Activity
Every record must be restated exactly. Drop the images.

Supplied material
-------
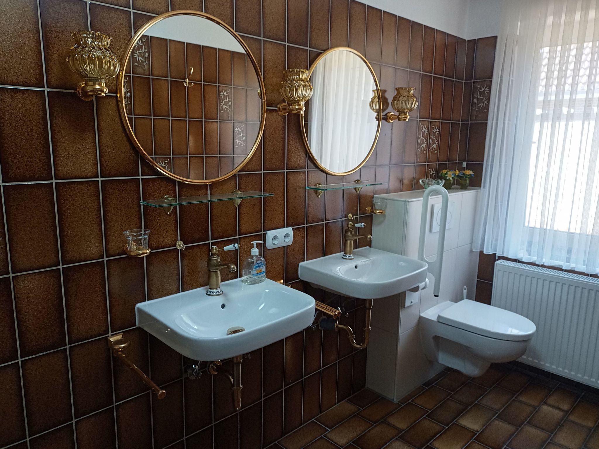 Die Ferienwohnung hat ein geräumiges, seniorengerecht eingerichtetes Bad mit direktem Zugang aus dem Schlafzimmer.
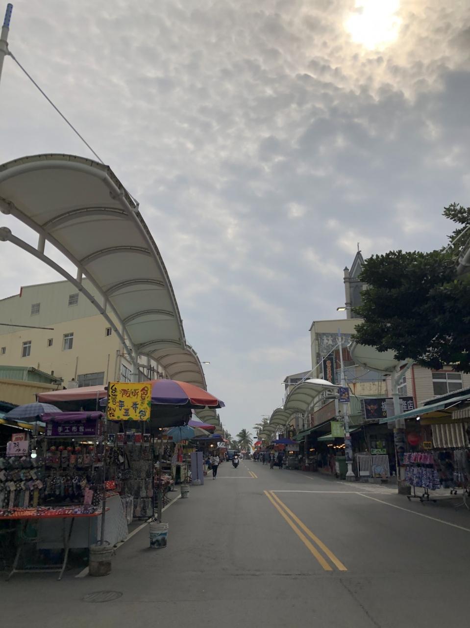 フェリー乗り場からまっすぐ歩くと商店街てきなストリートに出ます。旗津老街です。
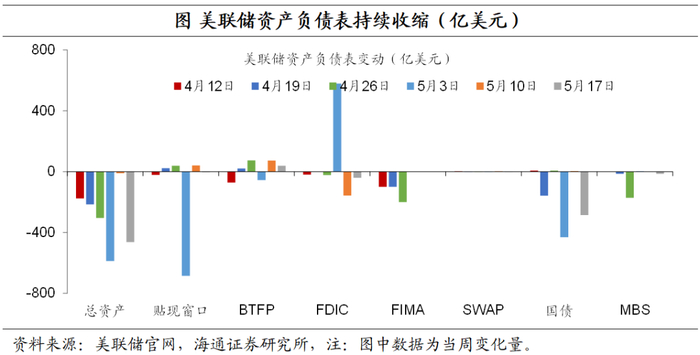 因而,我们认为,美国形成系统性金融风险的概率相对较低。例如,自3月29日开始,美联储资产负债表已经连续8周收缩;截至5月17日,美联储总资产回落至8.46万亿美元,较3月22日累计收缩了约2800亿美元。
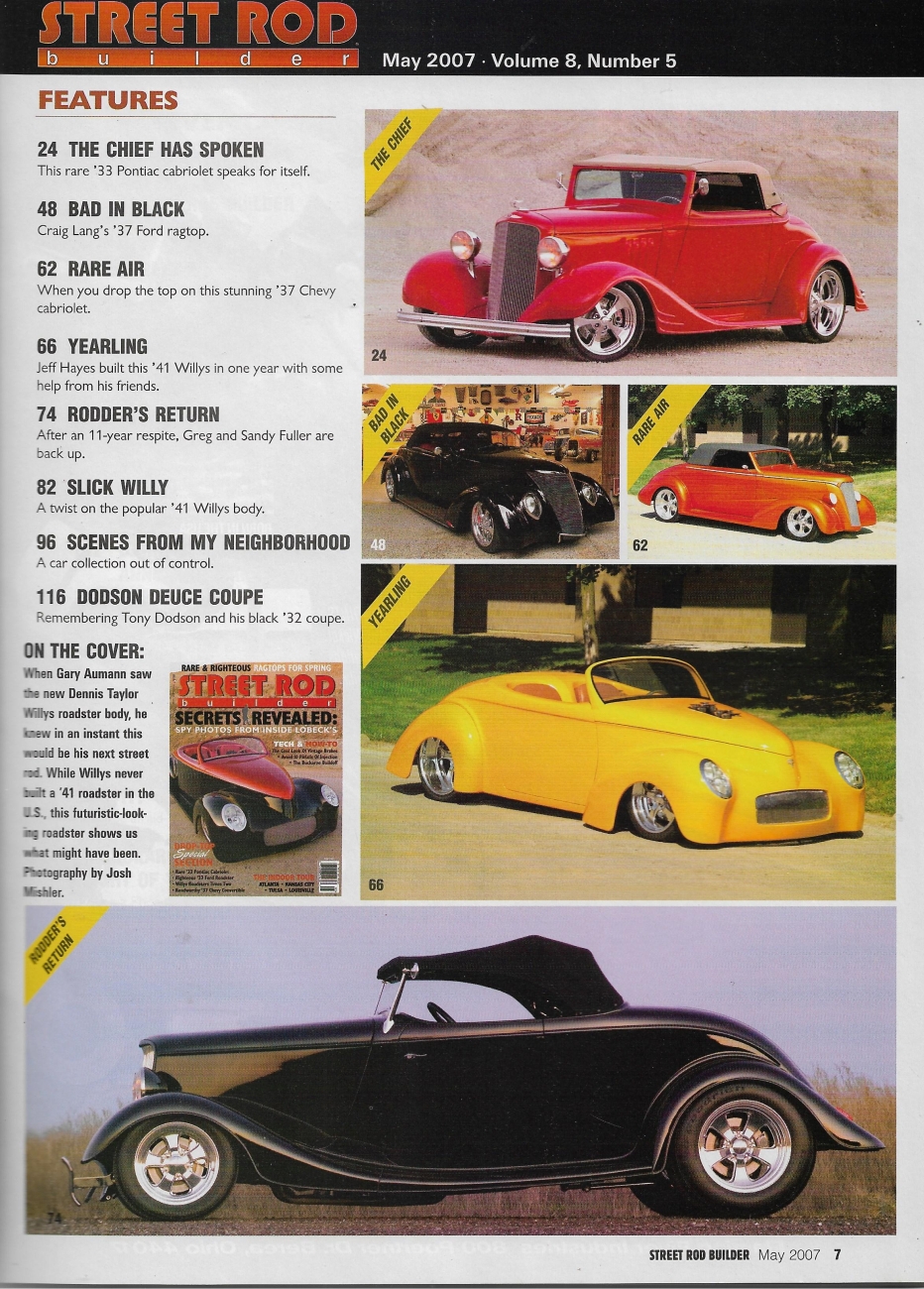 Reviews STREET ROD BUILDER 2007 MAY - WILLYS ROADSTERS, 33 PONCHO CABRIOLET,RAGTOPS
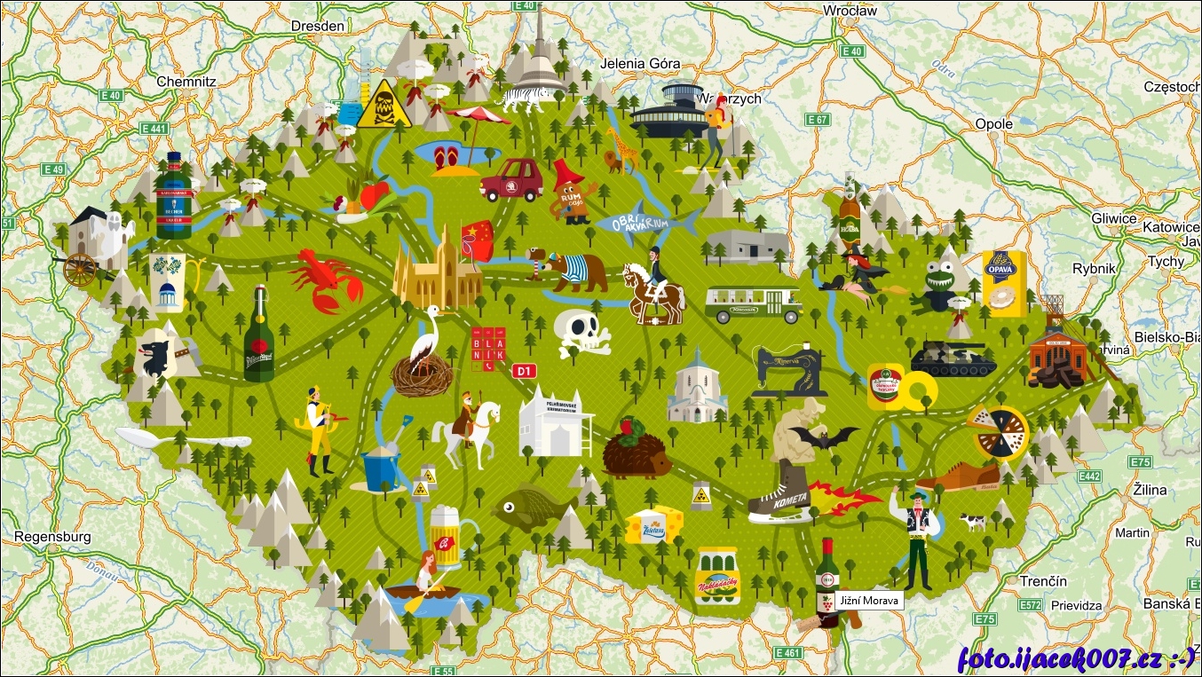 mapa české republiky plná místních dominant
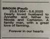 Death notice clipping for William James Broun found in Caroline Broun's Journal
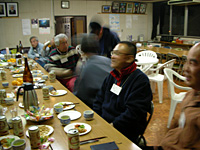 「さるこう」は美味いのだが、なかなか入手できない。そこで中村艇の常備焼酎「粒露」の入手方法をマネして、蔵元の地元からインターネットの通販で6本単位で買うことにした焼酎である。私はこの「さるこう」が好きだ。 懇親会の帰りは暗くなるだろうが、行くのは明るいうちに行きたい。開始は5時からだが4時半にはフネを出た。風が吹き上がって、フネに戻れなくなってもいいように戸締まりと係留状況確認し、貴重品とクルマのカギを持って出る。帰れるときのために、ヘッドランプも持って行く。さるこうとポットも持って行く。 懇親会の会場は、安良里の漁民センターの2Fである。ここはとてもいい建物なのだが、ほとんどダイバー専用のようになっている。ダイバーといっても本職のダイバーではなく、プレジャーダイバーだ。安良里で遊ぶという点では我々と同じである。同じなのだが、フネ遊びの人達よりもダイバーのほうが優遇されているような気がする。ダイバーはこういう施設も使えるし。 この施設を我々も使っていい、と漁協からは言われているのだが、この建物に常駐しているダイビング業者から文句を言われたことがあるのは私だけではない。しかも気分を害する言われ方をしたのも私だけではない。 ダイビング業者にしてみれば、岸壁で釣りをして汚して帰っていく釣り人と、お金を払って安良里港にボート係留している我々との違いがわからないので、しかたのないところはあるのだろうが、我々としては権利を行使しているのに文句を言われるようで気分は悪い。 話は逸れるが、プレジャーダイバーはひとりではなにもできない。誰かのフネで潜るところまで連れて行ってもらわなければならない。そのため、プレジャーダイバーを受け入れる側はそれなりの施設を用意する。運営にも大勢の人がかかわる。しかし、ヨット遊びは基本的には単独である。横のつながりというのが乏しい。漁民センターを自由に使えるのがダイバーで、使えないのがヨット/ボート乗りというのは、政治力の差、あるいは数の力の差、ではないかとも思う。 閑話休題(話を戻して)。 5時を回ってみなさん集まってきた。 中村さんの進行で、まずは九里さんが漁協への感謝を込めて乾杯の挨拶をした。その後近藤さんのスピーチ。近藤さんの話の内容はとても興味深いものだった。安良里の歴史と今後の方向性というような話だった。しかし、近藤さんは堅苦しくなく優しい語り口で安良里の過去から語り起こして、それからの未来を説いてくれた。まさに近藤さんの知性と人徳を感じる内容であった。 挨拶が終わるとすかさず近藤さんの隣に行って、回りの人といろいろと話を聞いたが、人気者の近藤さんを独占できるわけもなく、近藤さんは参加者みんなのところをまんべんなく回っていた。そのあたりのバランス感覚もさすがだと思う。 漁協からはあと2人参加の予定だったのだが、急用のため近藤さん一人の参加だったが、次回の懇親会では是非、漁協からも大勢参加してほしいとこころから思う。 ほんとうに漁協の皆様、お気遣いありがとうございます。 今回の懇親会は飲み物食べ物持参ということなので、各自持ちよりなのだが、九里さんのところで中華料理を2品作ってきてくれた。大皿に2品。たいへんに美味しくいただきました。
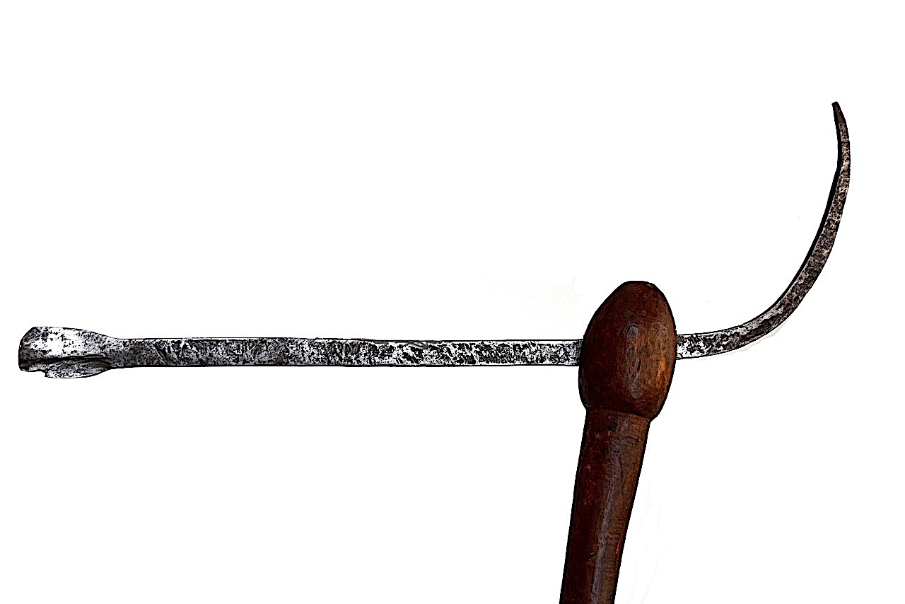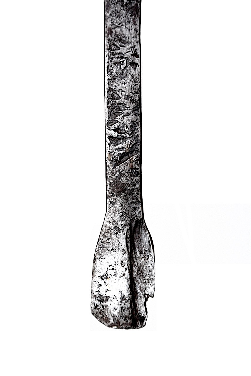 La lame en fer forgé présente un bout épaté plat avec un épaulement central pour une meilleure rigidité.
-------
Task output
 Die Ferienwohnung hat ein geräumiges, seniorengerecht eingerichtetes Bad mit direktem Zugang aus dem Schlafzimmer.
 フェリー乗り場からまっすぐ歩くと商店街てきなストリートに出ます。旗津老街です。
 因而,我们认为,美国形成系统性金融风险的概率相对较低。例如,自3月29日开始,美联储资产负债表已经连续8周收缩;截至5月17日,美联储总资产回落至8.46万亿美元,较3月22日累计收缩了约2800亿美元。
 Reviews STREET ROD BUILDER 2007 MAY - WILLYS ROADSTERS, 33 PONCHO CABRIOLET,RAGTOPS
 mapa české republiky plná místních dominant
 Death notice clipping for William James Broun found in Caroline Broun's Journal
 「さるこう」は美味いのだが、なかなか入手できない。そこで中村艇の常備焼酎「粒露」の入手方法をマネして、蔵元の地元からインターネットの通販で6本単位で買うことにした焼酎である。私はこの「さるこう」が好きだ。 懇親会の帰りは暗くなるだろうが、行くのは明るいうちに行きたい。開始は5時からだが4時半にはフネを出た。風が吹き上がって、フネに戻れなくなってもいいように戸締まりと係留状況確認し、貴重品とクルマのカギを持って出る。帰れるときのために、ヘッドランプも持って行く。さるこうとポットも持って行く。 懇親会の会場は、安良里の漁民センターの2Fである。ここはとてもいい建物なのだが、ほとんどダイバー専用のようになっている。ダイバーといっても本職のダイバーではなく、プレジャーダイバーだ。安良里で遊ぶという点では我々と同じである。同じなのだが、フネ遊びの人達よりもダイバーのほうが優遇されているような気がする。ダイバーはこういう施設も使えるし。 この施設を我々も使っていい、と漁協からは言われているのだが、この建物に常駐しているダイビング業者から文句を言われたことがあるのは私だけではない。しかも気分を害する言われ方をしたのも私だけではない。 ダイビング業者にしてみれば、岸壁で釣りをして汚して帰っていく釣り人と、お金を払って安良里港にボート係留している我々との違いがわからないので、しかたのないところはあるのだろうが、我々としては権利を行使しているのに文句を言われるようで気分は悪い。 話は逸れるが、プレジャーダイバーはひとりではなにもできない。誰かのフネで潜るところまで連れて行ってもらわなければならない。そのため、プレジャーダイバーを受け入れる側はそれなりの施設を用意する。運営にも大勢の人がかかわる。しかし、ヨット遊びは基本的には単独である。横のつながりというのが乏しい。漁民センターを自由に使えるのがダイバーで、使えないのがヨット/ボート乗りというのは、政治力の差、あるいは数の力の差、ではないかとも思う。 閑話休題(話を戻して)。 5時を回ってみなさん集まってきた。 中村さんの進行で、まずは九里さんが漁協への感謝を込めて乾杯の挨拶をした。その後近藤さんのスピーチ。近藤さんの話の内容はとても興味深いものだった。安良里の歴史と今後の方向性というような話だった。しかし、近藤さんは堅苦しくなく優しい語り口で安良里の過去から語り起こして、それからの未来を説いてくれた。まさに近藤さんの知性と人徳を感じる内容であった。 挨拶が終わるとすかさず近藤さんの隣に行って、回りの人といろいろと話を聞いたが、人気者の近藤さんを独占できるわけもなく、近藤さんは参加者みんなのところをまんべんなく回っていた。そのあたりのバランス感覚もさすがだと思う。 漁協からはあと2人参加の予定だったのだが、急用のため近藤さん一人の参加だったが、次回の懇親会では是非、漁協からも大勢参加してほしいとこころから思う。 ほんとうに漁協の皆様、お気遣いありがとうございます。 今回の懇親会は飲み物食べ物持参ということなので、各自持ちよりなのだが、九里さんのところで中華料理を2品作ってきてくれた。大皿に2品。たいへんに美味しくいただきました。
 La lame en fer forgé présente un bout épaté plat avec un épaulement central pour une meilleure rigidité.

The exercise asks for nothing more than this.